Bodybuilding.com
OVERVIEW: Bodybuilding.com aims to be a “total fitness solution”. It offers supplements, like protein, multivitamins, and energy drinks. While also offering over 12,000 free articles. It recently added a subscription model for premium workout programs. The homepage and navigation did not do a good job of showing all they offered. It also didn’t have very many opportunities for merchandizing to feature promotions or products.
MY ROLE: Lead UX Designer, UX Researcher, and Information Architect
DELIVERABLES: Competitive Research, Event and Next Page Data, Personas, Site Map, User Flows, Prototypes, User Testing,
PROCESS:

TOOLS:

ANALYZE: To validate the business problem and to understand users intent we first dove into Google Analytics.
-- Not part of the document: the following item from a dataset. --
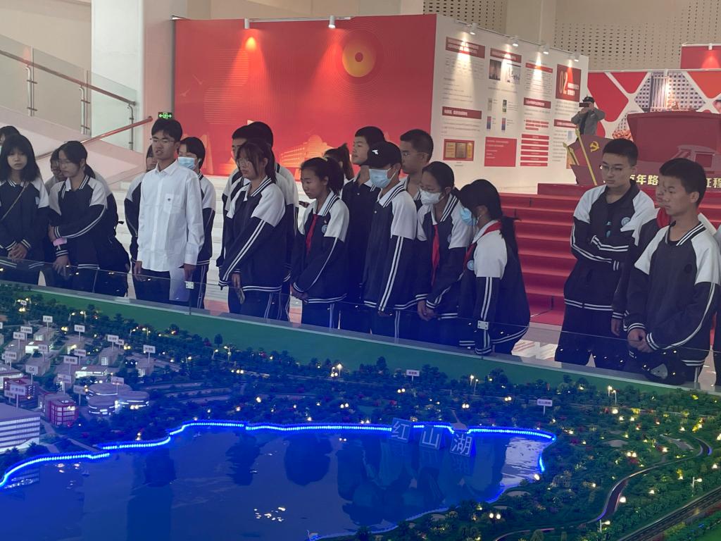 講解員帶領老師和同學們參觀了校區沙盤,并詳細介紹了校區建設背景和未來規劃以及辦學特色和亮點。

We pulled next page data from homepage for the last 90 days, but also for the previous years same time frame to compare. We also looked at click events to start painting a picture of user intent.
Most users on the homepage were going to 2 places: the Sales & Specials LP and a product category. Many users also used search from the homepage. However, those users that used search had a higher conversion rate than those that just were browsing. So we decided to focus on increasing conversion on browsers.
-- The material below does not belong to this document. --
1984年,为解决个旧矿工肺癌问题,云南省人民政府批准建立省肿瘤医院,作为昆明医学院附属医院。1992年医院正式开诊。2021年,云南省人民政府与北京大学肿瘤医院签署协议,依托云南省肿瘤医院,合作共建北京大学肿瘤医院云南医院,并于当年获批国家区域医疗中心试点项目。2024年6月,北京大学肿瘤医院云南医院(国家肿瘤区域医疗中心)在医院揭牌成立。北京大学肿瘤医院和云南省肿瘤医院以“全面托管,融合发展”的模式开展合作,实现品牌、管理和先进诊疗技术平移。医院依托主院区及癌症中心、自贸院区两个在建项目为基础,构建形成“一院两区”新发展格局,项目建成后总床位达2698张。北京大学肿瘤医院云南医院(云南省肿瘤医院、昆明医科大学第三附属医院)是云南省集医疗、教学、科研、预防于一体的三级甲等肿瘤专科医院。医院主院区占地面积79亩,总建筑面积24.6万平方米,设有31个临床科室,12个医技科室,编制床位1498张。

Once we created the browser persona, we found that there was a 60/40 traffic split for products versus content respectively.
Based on the data, we knew we had to provide more areas for current sales as well as provide some entry points to our various other offerings (content, subscription plans, recipes database).
We then reviewed Baymard reports, competitive analysis and conducted user interviews to identify best practices and build personas.
IDEATE: Once we had all our quantitative and qualitative research finalized, we started creating several wireframes with prototypes and began preference and task based testing.
We found that the main rotating banners we had in the wireframes did not get engagement beyond the first slide. Users were actually really quick to swipe/scroll down the page to see all that was there.


Some feedback from the wireframes was that users thought it looked a little cluttered and there wasn’t clear explanation what each section contained. This was important to validated with full designs and in context. Users that are looking for content swipe/scroll past product zones and users looking for promotions swipe/scroll past articles.
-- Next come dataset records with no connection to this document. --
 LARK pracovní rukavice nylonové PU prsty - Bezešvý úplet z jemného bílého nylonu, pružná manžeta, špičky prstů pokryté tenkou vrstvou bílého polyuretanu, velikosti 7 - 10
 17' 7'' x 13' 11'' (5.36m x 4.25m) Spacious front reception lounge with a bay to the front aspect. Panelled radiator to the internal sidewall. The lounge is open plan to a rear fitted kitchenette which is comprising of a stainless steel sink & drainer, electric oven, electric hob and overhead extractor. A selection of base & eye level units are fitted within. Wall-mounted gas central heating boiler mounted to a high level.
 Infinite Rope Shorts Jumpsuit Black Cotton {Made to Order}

VALIDATE: We then built full designed prototypes and ran users through task based, contextual testing. We found that several users really liked the swipe-able product carousels, but didn’t like that we stacked articles. We also found that most users on mobile didn’t like how much space the categories took up. They were also unclear if they were product or article categories. After many iterations and tests later, we landed on a final design.
DEPLOY: As part of the deployment effort I worked with not only our engineers, but our merchandising team to ensure that the backend tool that managed the various zones could be customizable. Allowing full functionality and zone placement by the merchandising team. If they wanted 2 product carousels, instead of one, it was a simple drag and drop WYSIWYG tool.
LEARN: After deployment we saw a significant drop in article navigation, but a huge increase into our product catalog. This was somewhat expected and was okayed by the business. Because of the wysiwyg tool it allowed the merchandising team to A/B test various layouts to see what performed best on any particular day. Ultimately, this project was a great success!